The worst crude supply shock in history threatens to scar the global economy for years, with the prolonged closure of the Strait of Hormuz removing over 10 million barrels per day of oil and leaving few alternatives.
The two-month-long blockade of the world’s most critical oil chokepoint has sent Brent crude prices soaring 44 percent above pre-war levels and triggered a global race for supply, raising the risk of a worldwide recession. Even if the strait were to reopen today, experts warn that restarting thousands of shut-in wells across the Middle East would be a complex challenge, taking months or even years and leaving permanent damage on production capacity.
"The longer things are shut in, typically the more complex they are to bring back on," Jeff Miller, CEO at Halliburton, said on the company’s recent earnings call, noting the situation will have "meaningful and long-lasting implications for the global energy sector."
The disruption has already removed hundreds of millions of barrels from the market, with the International Energy Agency estimating it would take around two months to re-establish steady exports after a reopening. With most of the world's spare production capacity held by Saudi Arabia and the UAE, that supply remains trapped behind the blockade. "Today, all of the spare capacity is behind the Strait of Hormuz, so the impact is obviously very direct," Russell Hardy, CEO of oil trader Vitol, said at the FT Commodities Global Summit.
The crisis extends beyond crude, threatening to create new bottlenecks in other industrial supply chains. A recent JPMorgan report warned that about 20 percent of the global supply of petroleum coke, a key material for aluminum smelting, is directly affected by the Hormuz blockade. The bank, which already forecast a 2 million-ton aluminum deficit for 2026, noted that petroleum coke prices have only risen about 21 percent, suggesting the market has not fully priced in the risk of a shortage that could further impact global aluminum production.
Iran's Aging Fields Under Pressure
The American blockade is putting immense pressure on Iran's domestic oil industry. With diminishing storage capacity, estimated by analysis firm Kpler at just two weeks of production, Iran may be forced to halt pumping at some of its aging wells. Experts say restarting production from these fields after a shutdown is not a simple task.
"Those oil wells are not maintained well. Their machinery is not maintained well," said Miad Maleki, a former sanctions expert at the U.S. Treasury and now a senior fellow at the Foundation for Defense of Democracies. "Once shut off, he added, the wells won't easily 'snap back after a few months.'"

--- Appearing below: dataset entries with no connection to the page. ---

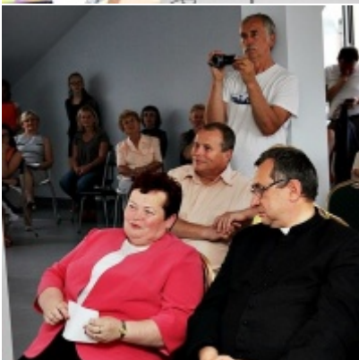
Otwarcie Izby Regionalnej Ziemi Zatorskiej
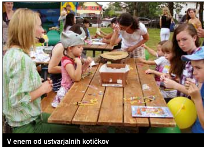
V enem od ustvarjalnih koticikov

Turistično društvo Barje je v letu 2012 izvedlo kar nekaj aktivnosti, ki so popestrile dogajanje na območju Barja (del Ljubljanskega barja, ki leži v Mestni občini Ljubljana) in širše.
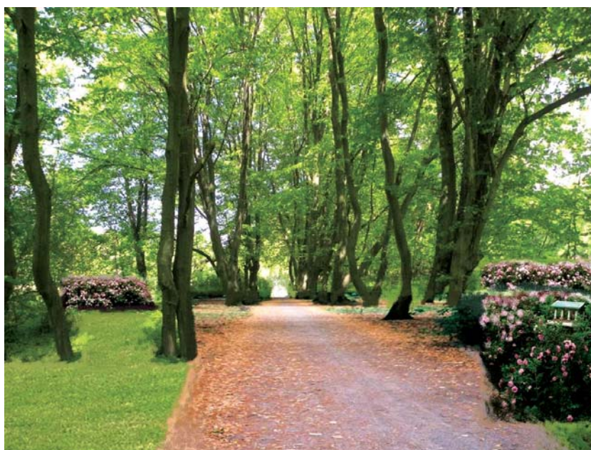
Ryc. 3. Wizualizacja odnowionej alei grabowej w parku kaligraficznym (oprac. M. Dudkiewicz) Fig. 3. Visualization renewed hornbeam alley in the park calligraphy (by M. Dudkiewicz)
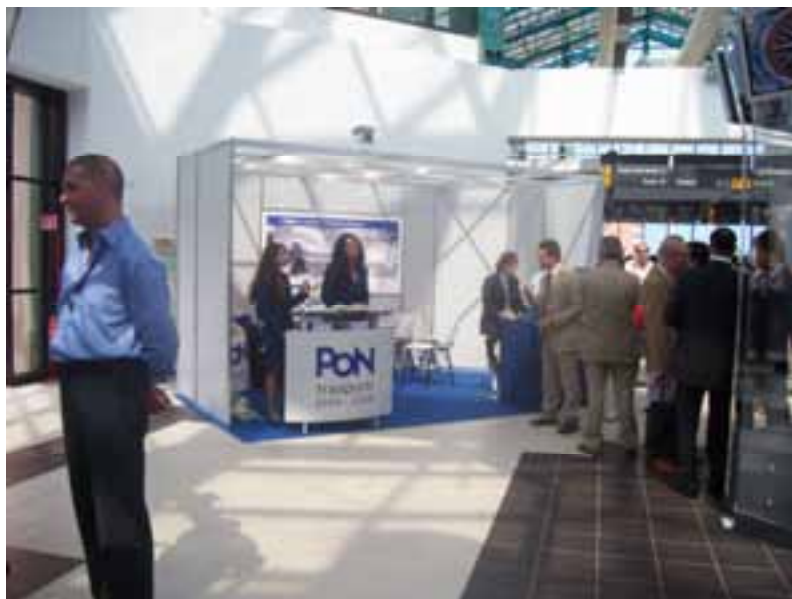
Punto Informativo del PON Trasporti 2000/2006 al Convegno SIIV

IV Convegno Internazionale della Società Italiana Infrastrutture Viarie (SIIV), tenutosi presso l'Università degli Studi di Palermo
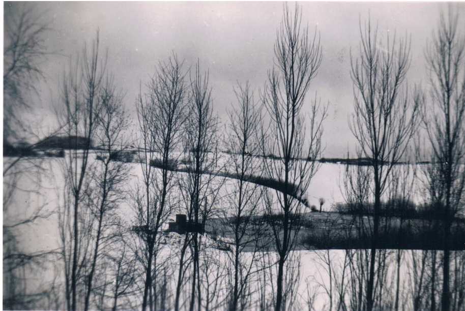
Fotografi fra cirka 1952 ned mod resterne af det gamle vandværk og med Mosen til højre. Fotografiet er taget fra 1.sal hos Elektrikerens. Kelstrupvejen kan lige anes i baggrunden. Gangstien fra 1810 gik højre om det sted, hvor det gamle vandværk kom til at ligge.

skulle fra Gangstien til den nye skole. Hele området er bebygget med parcelhuse omkranset af kæmpestore ligusterhække. Det sidste billede viser Gangstien i juni måned 2020 taget nogenlunde fra samme sted, som fotografiet op mod Thomsens Hus vist tidligere. Man kan med rette sige, at udviklingen ikke har været god ved Gangstien.
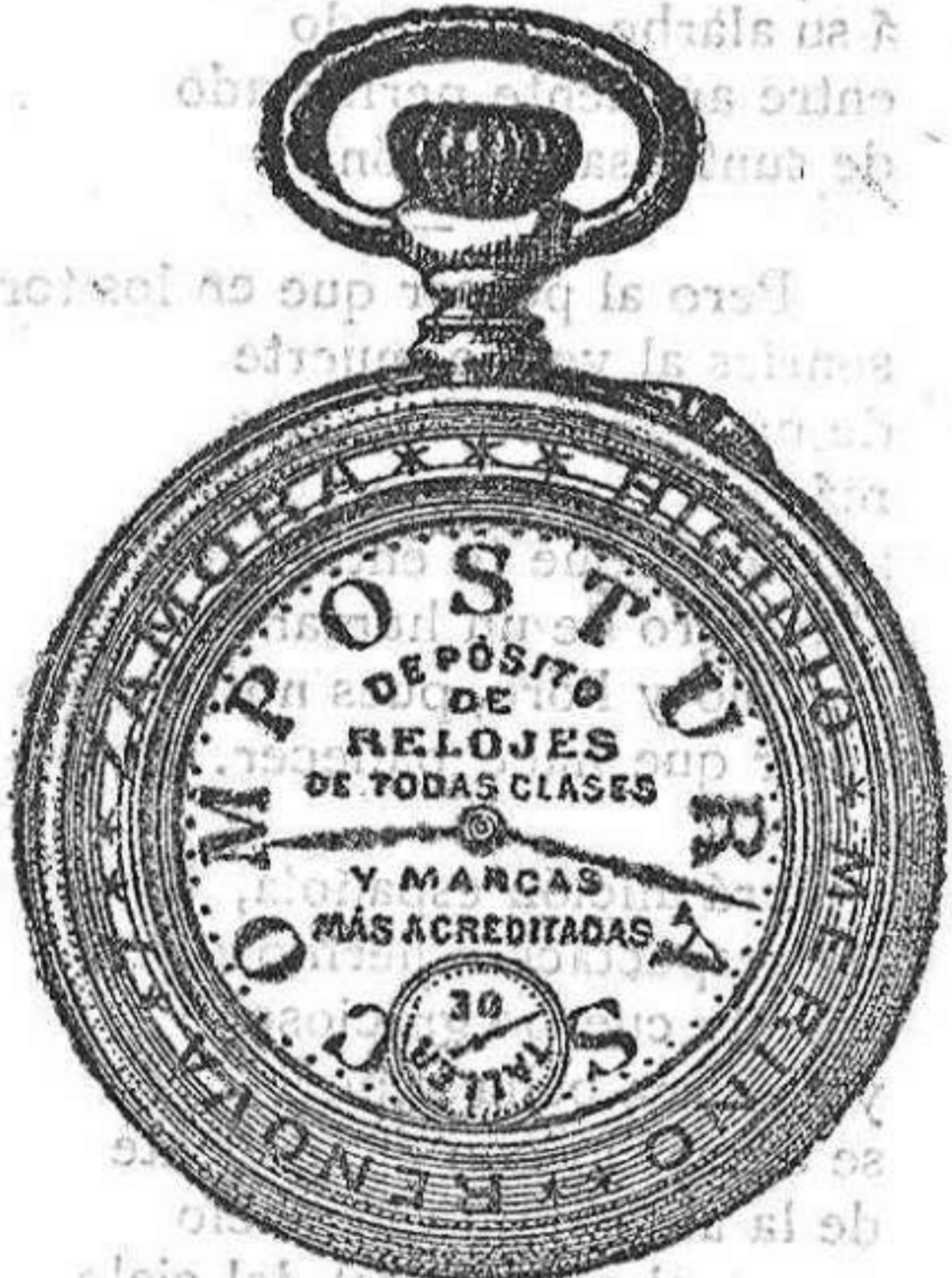
Relojes Mored, péndulos y Reguladores.

This operational strain is forcing production cuts that set up a delayed but significant financial squeeze on Tehran. The IEA noted that while properly shut-in fields could restart quickly, those with low recovery rates could face delays of six months or more. SLB’s CEO Olivier Le Peuch cautioned that areas where disruptions were more abrupt may require a more gradual ramp-up.
A Long and Uncertain Recovery
Analysts are forecasting a prolonged impact on prices, reflecting expectations of a lasting supply shock. While the Brent annual average for 2026 rose 10 percent in April, prices for future years saw much larger gains, with the 2027 average rising 25 percent and 2028 climbing 16 percent, according to analysis from Saxo Bank. This reflects the anticipated long-term damage to Middle East infrastructure and reduced production capacity.
The halt to hostilities between the U.S. and Iran has not yet produced a diplomatic breakthrough to reopen the strait. Washington recently paused "Project Freedom," its military operation to escort ships, to focus on securing a deal. However, with Iran's new supreme leader, Mojtaba Khamenei, vowing not to abandon the country's nuclear ambitions, the standoff continues.
"In round numbers, the 1 billion barrels [of lost supply] is baked in now because we have probably lost 600 million to 700 million at this stage," Vitol's Hardy told the FT summit. "By the time things get moving again, if they get moving again, it takes time to bring all back."
This article is for informational purposes only and does not constitute investment advice.